Du côté républicain, le président Donald Trump soutient coûte que coûte un candidat au Sénat, l'ancien magistrat ultra-conservateur Roy Moore, accusé d'attouchements sur des mineures il y a plusieurs décennies.

Plusieurs élus, emmenés par la démocrate Jackie Speier et la républicaine Barbara Comstock, veulent aller plus loin que la seule sensibilisation au harcèlement et réformer une loi de 1995 sur la façon dont les victimes, à l'intérieur du Congrès, peuvent rapporter des faits de harcèlement et obtenir réparation.

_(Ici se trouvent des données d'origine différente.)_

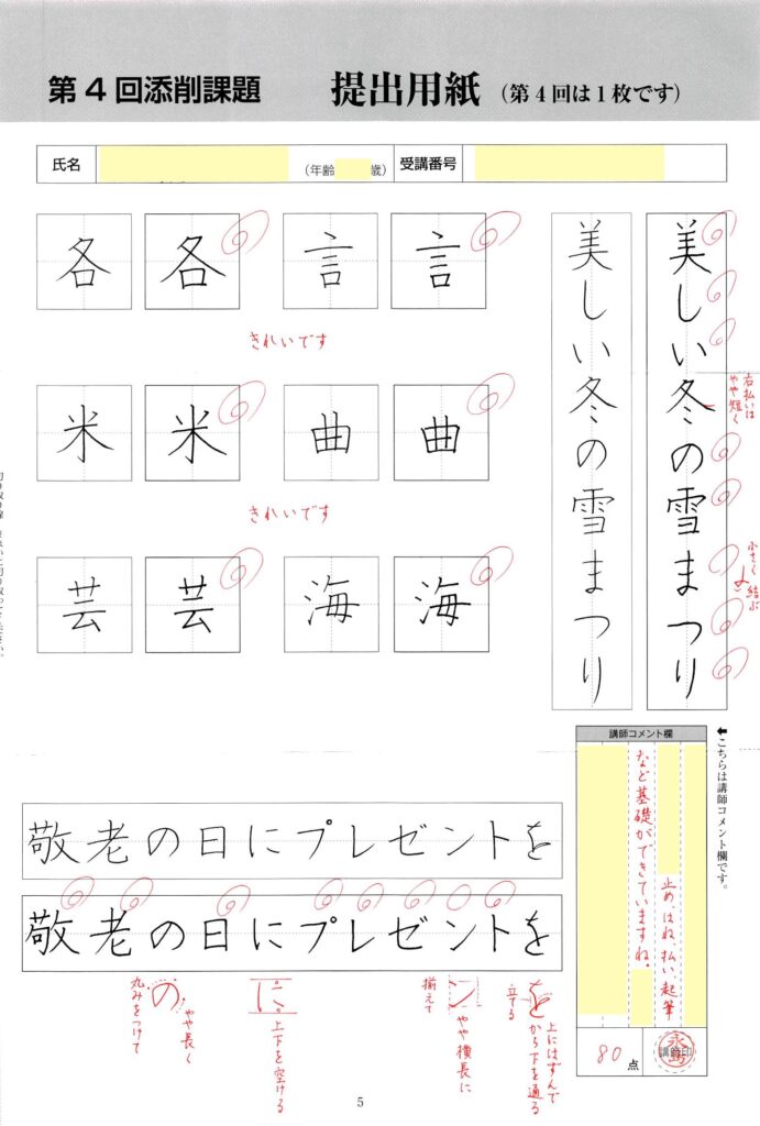 4回目の課題終了後に、テキスト3(楷書②)に入ります。
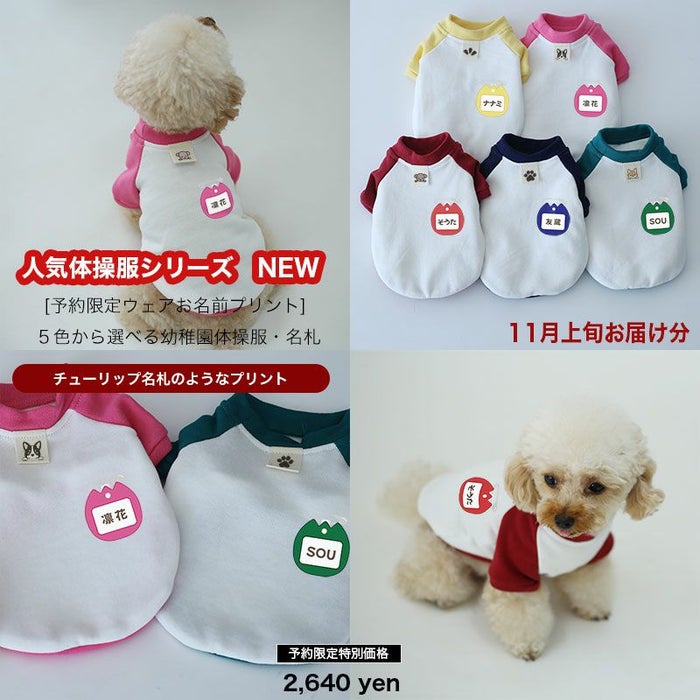 [予約限定ウェアお名前プリント]5色から選べる幼稚園体操服・チューリップ名札 | 犬服通販ドッグピース
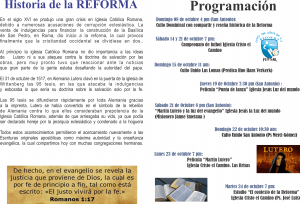 Varje kyrka har var sitt reformationstema tre söndagar i följd från och med söndag den 8 oktober, först ut är Las Lomas – Skriften allena, sedan San Antonio – Nåden allena och sist Las Brisas – Tron allena.

Cette loi avait été adoptée en moins de deux semaines en janvier 1995, à une voix de l'unanimité. Mais l'époque a changé et les procédures établies à l'époque sont aujourd'hui dénoncées comme obsolètes et trop en défaveur des plaignants.

«Le système mis en place en 1995 protégeait le harceleur», a dit Jackie Speier sur la chaîne ABC dimanche. «Une victime m'a dit que le processus était presque pire que le harcèlement lui-même».

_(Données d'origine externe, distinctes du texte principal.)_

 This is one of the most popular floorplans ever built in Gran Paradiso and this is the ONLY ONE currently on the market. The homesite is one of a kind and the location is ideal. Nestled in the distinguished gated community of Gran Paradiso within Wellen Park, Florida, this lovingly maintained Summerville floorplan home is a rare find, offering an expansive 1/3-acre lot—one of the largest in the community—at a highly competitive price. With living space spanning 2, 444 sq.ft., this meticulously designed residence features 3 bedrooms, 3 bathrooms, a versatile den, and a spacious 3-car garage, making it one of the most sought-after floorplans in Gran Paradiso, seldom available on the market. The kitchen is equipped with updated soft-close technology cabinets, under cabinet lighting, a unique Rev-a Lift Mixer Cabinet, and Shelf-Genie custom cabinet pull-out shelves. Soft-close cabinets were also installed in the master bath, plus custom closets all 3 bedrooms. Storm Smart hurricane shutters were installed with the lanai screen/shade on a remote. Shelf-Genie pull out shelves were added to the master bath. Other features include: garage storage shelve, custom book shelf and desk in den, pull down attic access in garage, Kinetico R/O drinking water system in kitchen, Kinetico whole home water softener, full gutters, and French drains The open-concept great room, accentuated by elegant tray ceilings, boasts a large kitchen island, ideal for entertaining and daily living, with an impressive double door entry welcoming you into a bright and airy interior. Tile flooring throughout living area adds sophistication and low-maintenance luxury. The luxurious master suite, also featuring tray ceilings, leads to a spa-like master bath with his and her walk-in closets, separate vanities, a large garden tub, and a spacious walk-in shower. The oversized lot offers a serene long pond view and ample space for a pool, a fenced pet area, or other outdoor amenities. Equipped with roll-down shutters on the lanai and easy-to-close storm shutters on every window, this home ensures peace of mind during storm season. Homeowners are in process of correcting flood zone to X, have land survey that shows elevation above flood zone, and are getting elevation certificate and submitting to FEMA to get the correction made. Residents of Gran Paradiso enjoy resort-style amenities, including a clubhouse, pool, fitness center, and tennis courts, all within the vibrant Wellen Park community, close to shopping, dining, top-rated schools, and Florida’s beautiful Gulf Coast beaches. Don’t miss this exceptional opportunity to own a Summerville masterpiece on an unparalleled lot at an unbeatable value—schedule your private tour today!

Les nouvelles règles proposées permettraient d'accélérer la procédure interne après une plainte, alors qu'aujourd'hui les victimes sont obligées de recourir dans un premier temps à une médiation. Un poste d'avocat des victimes serait créé. La clause de confidentialité ne serait plus obligatoire. Les versements d'indemnités viendraient désormais de la poche de l'élu responsable du harcèlement, alors qu’aujourd’hui c'est le contribuable qui paie.

Et surtout, la liste et le montant des règlements de plaintes devrait être rendue publique annuellement.

Trump et Moore

Malgré leur embarras sur Al Franken et John Conyers, les démocrates veulent exploiter l'affaire Roy Moore pour convaincre les électeurs qu'ils sont le véritable parti défenseur des femmes.

Ils pointent du doigt le comportement de Donald Trump qui, en défendant Roy Moore, soutient la ligne de défense du candidat consistant à traiter ses accusatrices de menteuses. Comme le milliardaire l'avait fait concernant la dizaine de femmes l'ayant accusé de harcèlement ou pire, l'an dernier.

Tous les chefs et sénateurs républicains ont coupé les ponts avec Roy Moore, mais ils craignent qu'il ne soit élu le 12 décembre, lors de la sénatoriale partielle de l'Alabama.

Plusieurs membres de la majorité semblent dire qu'ils préféreraient perdre le siège républicain et voir le candidat démocrate, Doug Jones, élu, plutôt que de voir Roy Moore rejoindre leurs rangs.

«Je veux être du bon côté de l'histoire dans cette affaire», a déclaré le sénateur de Caroline du Sud Tim Scott sur ABC.

Le locataire de la Maison Blanche voit les choses à plus court-terme: il a besoin du plus de sénateurs républicains possibles pour faire adopter sa réforme de la fiscalité avant la fin de l'année. La majorité sénatoriale actuelle est de 52 sièges sur 100. Pas question de descendre à 51, dit le président américain.